§ PROVIDED MATERIAL
───

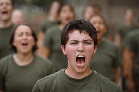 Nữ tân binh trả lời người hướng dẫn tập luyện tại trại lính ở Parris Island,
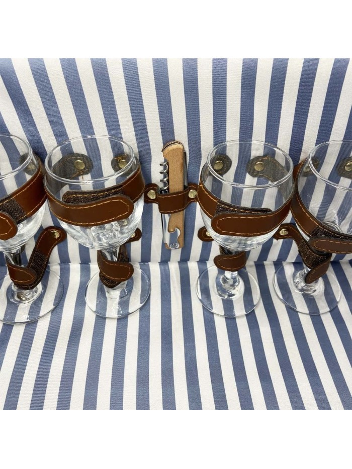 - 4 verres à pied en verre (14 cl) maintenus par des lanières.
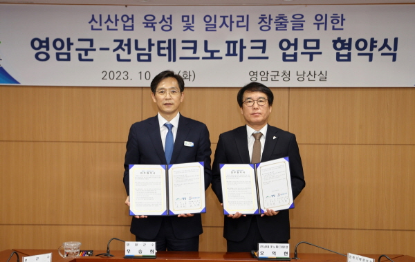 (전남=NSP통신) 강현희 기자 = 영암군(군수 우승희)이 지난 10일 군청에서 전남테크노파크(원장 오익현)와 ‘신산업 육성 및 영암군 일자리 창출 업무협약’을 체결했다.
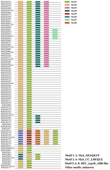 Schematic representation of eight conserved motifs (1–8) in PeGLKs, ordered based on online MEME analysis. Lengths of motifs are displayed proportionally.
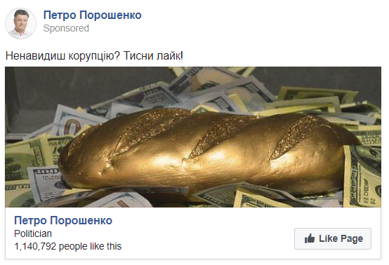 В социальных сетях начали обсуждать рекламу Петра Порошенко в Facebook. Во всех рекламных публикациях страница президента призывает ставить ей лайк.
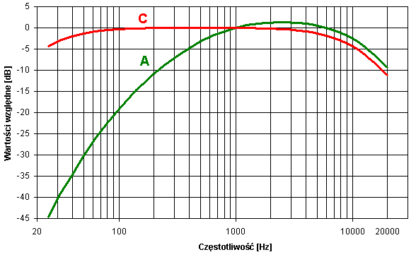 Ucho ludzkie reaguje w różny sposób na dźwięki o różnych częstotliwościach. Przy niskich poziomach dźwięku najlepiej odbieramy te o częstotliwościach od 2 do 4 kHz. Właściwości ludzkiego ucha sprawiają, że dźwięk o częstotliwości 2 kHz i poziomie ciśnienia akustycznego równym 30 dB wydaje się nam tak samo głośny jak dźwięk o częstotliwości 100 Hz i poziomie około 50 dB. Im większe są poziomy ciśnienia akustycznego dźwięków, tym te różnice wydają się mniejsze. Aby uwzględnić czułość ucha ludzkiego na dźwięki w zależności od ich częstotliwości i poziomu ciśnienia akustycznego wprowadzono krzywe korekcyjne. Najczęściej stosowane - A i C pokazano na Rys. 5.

───

§ WHAT NEEDS TO BE DONE
Repeat, with no pictures, every line from the top of the entries above through the line that has "В социальных сетях", keeping each one exact.

§ ANSWER FOR THE TASK
 Nữ tân binh trả lời người hướng dẫn tập luyện tại trại lính ở Parris Island,
 - 4 verres à pied en verre (14 cl) maintenus par des lanières.
 (전남=NSP통신) 강현희 기자 = 영암군(군수 우승희)이 지난 10일 군청에서 전남테크노파크(원장 오익현)와 ‘신산업 육성 및 영암군 일자리 창출 업무협약’을 체결했다.
 Schematic representation of eight conserved motifs (1–8) in PeGLKs, ordered based on online MEME analysis. Lengths of motifs are displayed proportionally.
 В социальных сетях начали обсуждать рекламу Петра Порошенко в Facebook. Во всех рекламных публикациях страница президента призывает ставить ей лайк.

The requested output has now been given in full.